A TEENAGE schoolgirl will appeal to the High Court today to overturn a ban on her wearing a "purity ring" at school to symbolise her decision to abstain from sex before marriage. Lydia Playfoot, 16, from West Sussex, says the silver ring is an expression of her faith and should be exempt from the school's rules on wearing jewellery. "It is really important to me because in the Bible it says we should do this," she told BBC radio. "Muslims are allowed to wear headscarves and other faiths can wear bangles and other types of jewellery. "It feels like Christians are being discriminated against."

Ms Playfoot's lawyers will argue that her right to express religious belief is upheld by the Human Rights Act. There have been a series of rows in schools in recent years over the right of pupils to wear religious symbols or clothing, such as crucifixes and veils. Last year, the Law Lords rejected Shabina Begum's appeal for permission to wear a Muslim gown at her school in Luton. That case echoed a debate in France over the banning of Muslim headscarves in state schools.

Ms Playfoot's parents help run the British arm of the American campaign group the Silver Ring Thing, which promotes abstinence among young people. Members wear a ring on the third finger of the left hand.

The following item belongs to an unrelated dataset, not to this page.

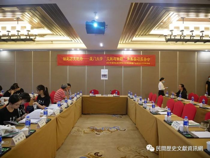 2021年6月7日由厦门大学历史系与漳州台商投资区联合举办,厦门大学民间历史文献研究中心承办的“海上丝绸之路与角美侨乡”研讨会暨回到历史现场——2021年度厦门大学“文献与田野”实习汇报会,在漳州角美举行,厦门大学历史系同学对角美镇12个村落的田野调查成果进行汇报。漳州台商投资区社会事务综合服务中心主任李文勇与厦门大学历史系主任张侃分别致辞。李文勇指出海上丝绸之路与角美古镇的研讨会也是厦门大学田野与文献角美实习的报告会,是校地合作以来取得的重要成果,也是校地合作的新起点。张侃叙述了与角美的情缘与学术机遇,对台商投资区支持厦大进行田野调查的感谢,表达对于实现更高学术追求与服务社会的期许。

It is inscribed with "Thess. 4:3-4", a reference to a Biblical passage from Thessalonians which reads: "God wants you to be holy, so you should keep clear of all sexual sin."

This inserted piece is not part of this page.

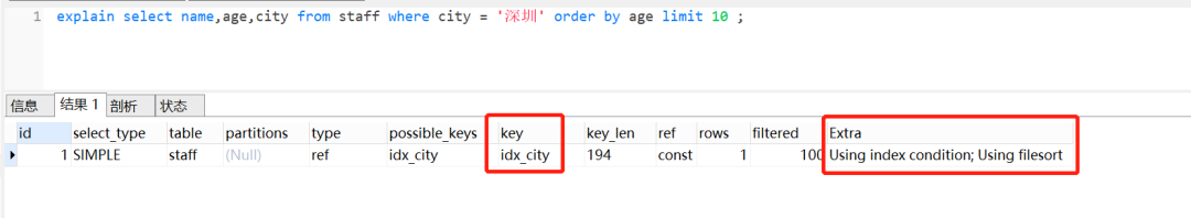 使用文件排序,效率会低一点。我们怎么优化呢?

Lydia's father, Phil Playfoot, said his daughter's case was part of a wider cultural trend towards Christians being "silenced". "What I would describe as a secular fundamentalism is coming to the fore, which really wants to silence certain beliefs, and Christian views in particular," he said.

Leon Nettley, head teacher of Millais School in Horsham, denies discrimination, saying the ring contravenes the school's rules on wearing jewellery. "The school is not convinced pupils' rights have been interfered with by the application of the uniform policy," he told the Brighton-based Argus newspaper. "The school has a clearly published uniform policy and sets high standards."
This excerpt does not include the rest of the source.